Four key factors that differentiate HPCC from Hadoop: HPCC Enterprise Control Language, Roxie Delivery Engine, Enterprise Ready, and Beyond MapReduce


Gregory Piatetsky: These points are from HPCC Systems website. I look forward to a response from Hadoop camp.

The four key factors that differentiate HPCC from Hadoop.

ECL 1. HPCC Enterprise Control Language

  • Declarative programming language: Describe what needs to be done and not how to do it
  • Powerful: Unlike Java, high level primitives such as JOIN, TRANSFORM, PROJECT, SORT, DISTRIBUTE, MAP, etc. are available. Higher level code means less programmers and shorter time to deliver complete projects
  • Extensible: As new attributes are defined, they become primitives that other programmers can use
  • Implicitly parallel: Parallelism is built into the underlying platform.
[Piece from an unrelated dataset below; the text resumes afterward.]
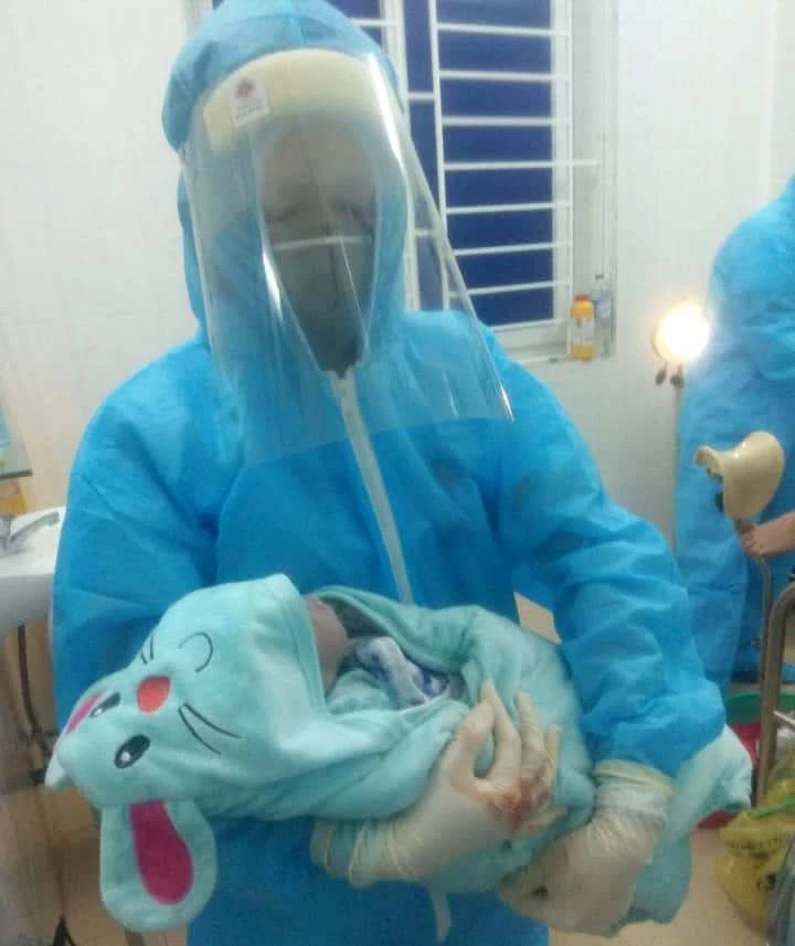 Bé trai chào đời đêm 2-4, trong điều kiện đặc biệt, mẹ đang trong thời gian cách ly ở bệnh viện nên được sinh ở một phòng cách ly riêng. Các y, BS đỡ đẻ cũng đeo khẩu trang, mặc đồ bảo hộ phòng, chống dịch…

The programmer needs not be concerned with it
  • Maintainable: A High level programming language, no side effects and attribute encapsulation provide for more succinct, reliable and easier to troubleshoot code
  • Complete: Unlike Pig and Hive, ECL provides for a complete programming paradigm.
  • Homogeneous: One language to express data algorithms across the entire HPCC platform, including data ETL and delivery.
2. Roxie Delivery Engine
  • Low latency: Data queries are typically completed in fractions of a second
  • Not a key-value store: Unlike HBase, Cassandra and others, Roxie is not limited by the constrains of key-value data stores, allowing for complex queries, multi-key retrieval, fuzzy matching and more
  • Highly available: Roxie is designed to operate in critical environments under the most rigorous service level requirements
  • Scalable: Horizontally linear scalability provides room to accommodate for future data and performance growth
  • Highly concurrent: In a typical environment, thousands of concurrent clients can be simultaneously executing transactions on the same Roxie system
  • Redundant: A shared-nothing architecture with no single points of failure provides extreme fault tolerance
  • ECL inside: One language to describe both: the data transformations in Thor and the data delivery strategies in Roxie.
  • Consistent tools: Thor and Roxie share the same exact set of tools which provides consistency across the platform.
No Speed Limit 3. Beyond MapReduce
  • Open Data Model: Unlike Hadoop, the data model is defined by the user, and it's not constrained by the limitations of a strict key-value paradigm
  • Simple: Unlike Hadoop MapReduce, solutions to complex data problems can be expressed easily and directly in terms of high level ECL primitives. With Hadoop, creating MapReduce solutions to all but the most simple data problems can be a daunting task. Many of these complexities are eliminated by the HPCC programming model
  • Truly parallel: Unlike Hadoop, nodes of a datagraph can be processed in parallel as data seamlessly flows through them. In Hadoop MapReduce (Java, Pig, Hive, Cascading, etc.) almost every complex data transformation requires a series of MapReduce cycles; each of the phases for these cycles cannot be started until the previous phase has completed for every record, which contributes to the well-known "long tail problem" in Hadoop. HPCC effectively avoids this, which effectively results in higher and predictable performance.
  • Powerful optimizer: The HPCC optimizer ensures that submitted ECL code is executed at the maximum possible speed for the underlying hardware. Advanced techniques such as lazy execution and code reordering are thoroughly utilized to maximize performance
4. Finally HPCC is Enterprise Ready.

Read more.

Comments:

Jesse Shaw
I prefer HPCC over Hadoop. You couldn't have been more succinct.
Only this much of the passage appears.